The problem: Only the lines below from the one containing "- args 数组指定将传递给" through the one containing "COMPOSIÇÃO E CARACTERÍSTICAS" belong in the answer, set down exactly, with the pictures left out.

Data for review:
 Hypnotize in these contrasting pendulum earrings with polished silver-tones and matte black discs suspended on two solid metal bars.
* * *
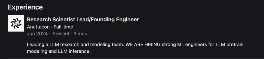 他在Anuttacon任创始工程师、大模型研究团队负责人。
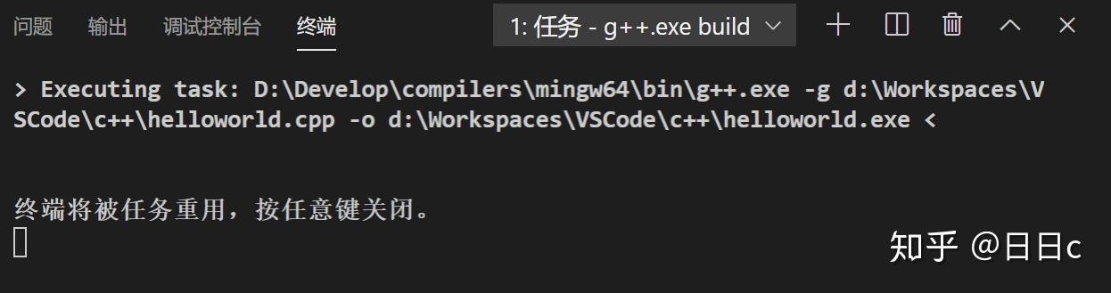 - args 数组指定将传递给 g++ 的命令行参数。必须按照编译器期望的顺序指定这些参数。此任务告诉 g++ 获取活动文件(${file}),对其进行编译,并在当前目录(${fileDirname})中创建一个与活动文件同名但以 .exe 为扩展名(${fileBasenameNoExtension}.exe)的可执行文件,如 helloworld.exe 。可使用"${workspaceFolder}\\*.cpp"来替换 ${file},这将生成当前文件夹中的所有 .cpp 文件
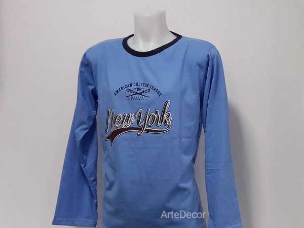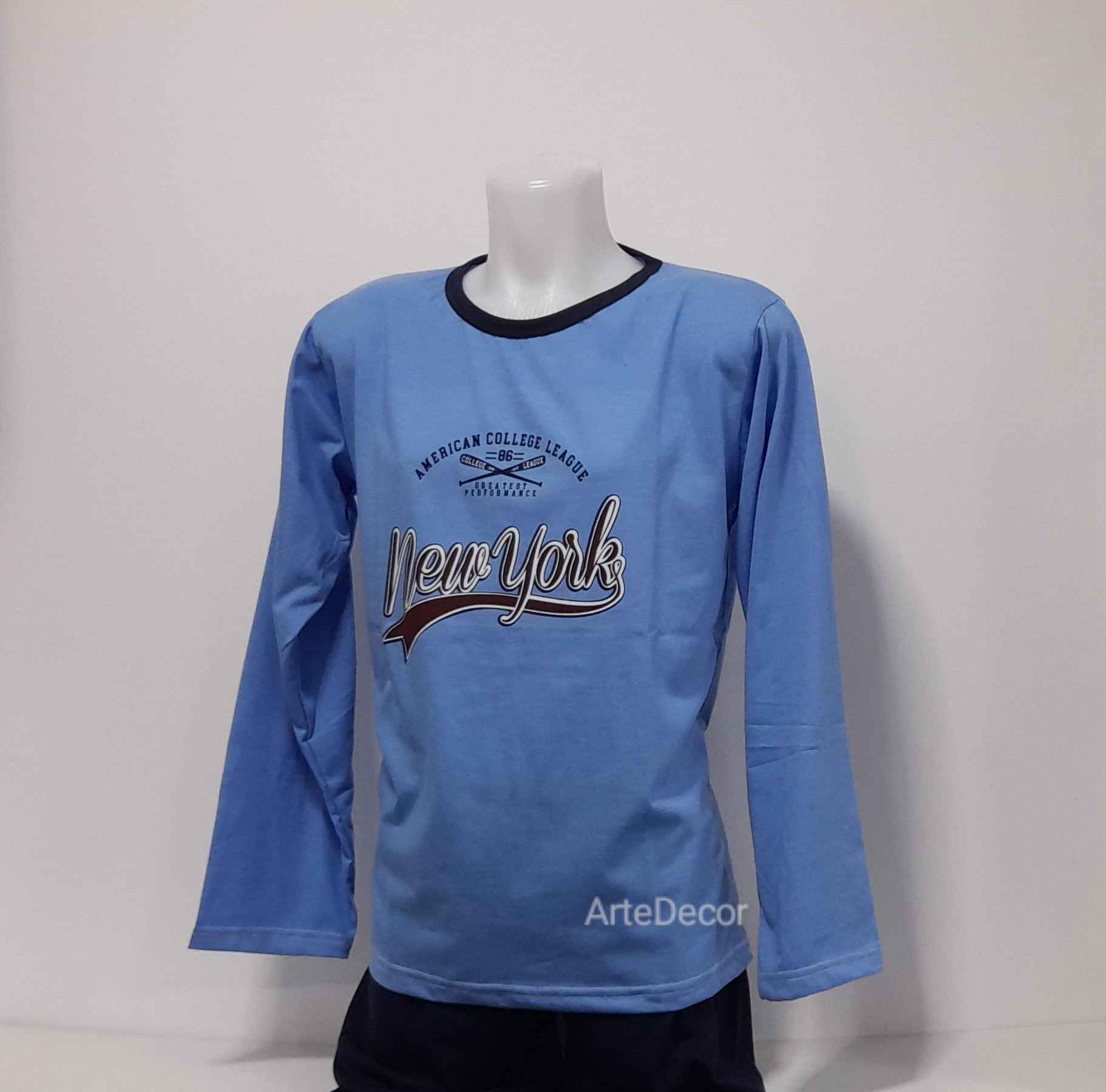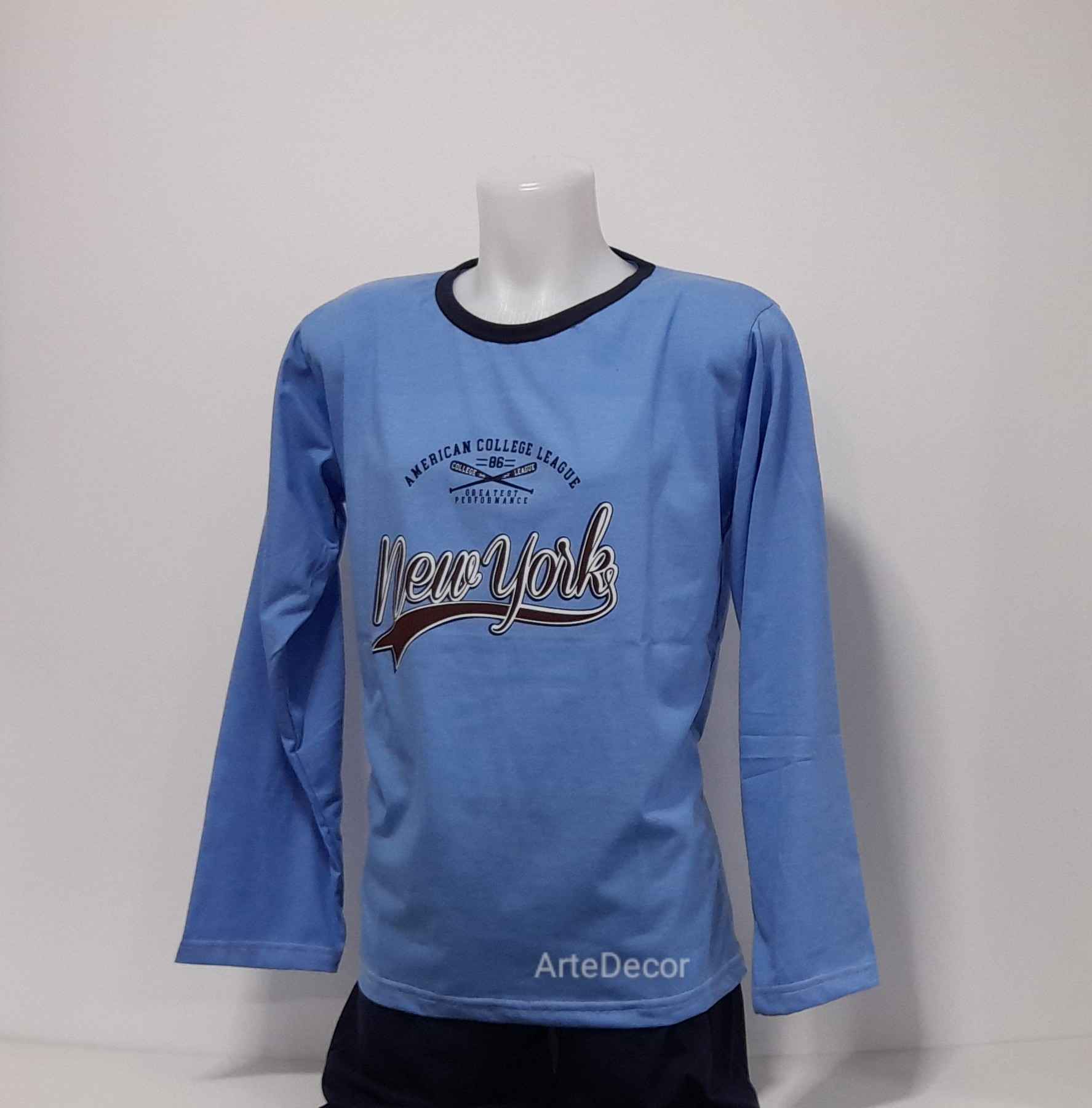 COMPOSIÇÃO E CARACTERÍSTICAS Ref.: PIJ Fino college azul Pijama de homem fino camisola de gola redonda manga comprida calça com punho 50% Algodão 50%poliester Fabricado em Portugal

Response to this exercise:
 - args 数组指定将传递给 g++ 的命令行参数。必须按照编译器期望的顺序指定这些参数。此任务告诉 g++ 获取活动文件(${file}),对其进行编译,并在当前目录(${fileDirname})中创建一个与活动文件同名但以 .exe 为扩展名(${fileBasenameNoExtension}.exe)的可执行文件,如 helloworld.exe 。可使用"${workspaceFolder}\\*.cpp"来替换 ${file},这将生成当前文件夹中的所有 .cpp 文件
 COMPOSIÇÃO E CARACTERÍSTICAS Ref.: PIJ Fino college azul Pijama de homem fino camisola de gola redonda manga comprida calça com punho 50% Algodão 50%poliester Fabricado em Portugal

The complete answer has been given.